FedGuCci(+) enhances federated learning generalization by improving group connectivity, inspired by linear mode connectivity, to better fuse local models and achieve stronger performance across diverse tasks and architectures.
优点
This paper adapts a connectivity perspective to use LMC improving the connectivity among the local models. It shall be a novel tool in the analysis of FL.
缺点
W1. The comparison with prior work is limited
W2. The proposed algorithms, including FedGuCci, do not have theoretical convergence guarantees.
W3. The comparisons and conclusions may not have sufficient evidence.
W4. The evaluation needs to be enhanced.
问题
Q1: In Section 2.3, the way your method leverages the global model is different from FedProx, but it’s unclear what specific advantages your approach offers. While your method integrates the connectivity loss and replays N historical global models, FedProx only uses the current global model for regularization. A more detailed explanation of why your method is superior would be helpful.

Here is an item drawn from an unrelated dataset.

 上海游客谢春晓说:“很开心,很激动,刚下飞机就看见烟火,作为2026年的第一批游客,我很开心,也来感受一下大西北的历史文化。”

Q2: The proposed algorithms do not have theoretical convergence guarantees. Many of the methods you compare against do provide convergence analyses, and including such an analysis would be essential for the theoretical foundation of your work.

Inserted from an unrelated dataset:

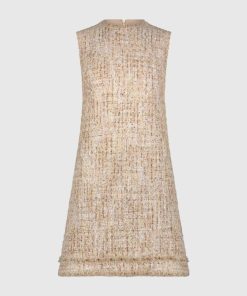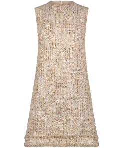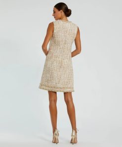 Elevate your style with our Beaded Trim A-Line Mini Shift Dress. This chic sleeveless boucle dress features subtle beaded detailing, a flattering A-line silhouette, and a modern shift design, offering both comfort and sophistication.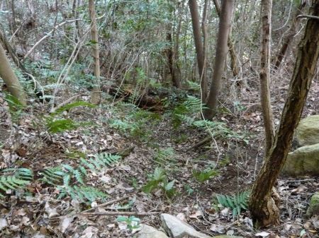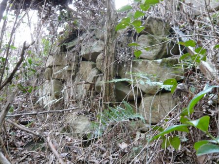 ![]() | 主郭南東下に回り込むと石垣が残っています。 |

Q3: When discussing group connectivity varying K, the range of client numbers is too small to reflect the truth in practice. The left plot in Figure 4 may not support the author’s conclusion that “the increase of barriers may converge to a point lower than vanilla training”. If it finds the transitivity of group connectivity may be weakened for larger K, an interpretation of the reason should be provided.
Q4. If FedGuCci+ is designed to enhance FedGuCci by incorporating additional techniques, it’s important to evaluate the individual contribution of each technique to the overall improvement, like conducting ablation studies.
I have read and agree with the venue's withdrawal policy on behalf of myself and my co-authors.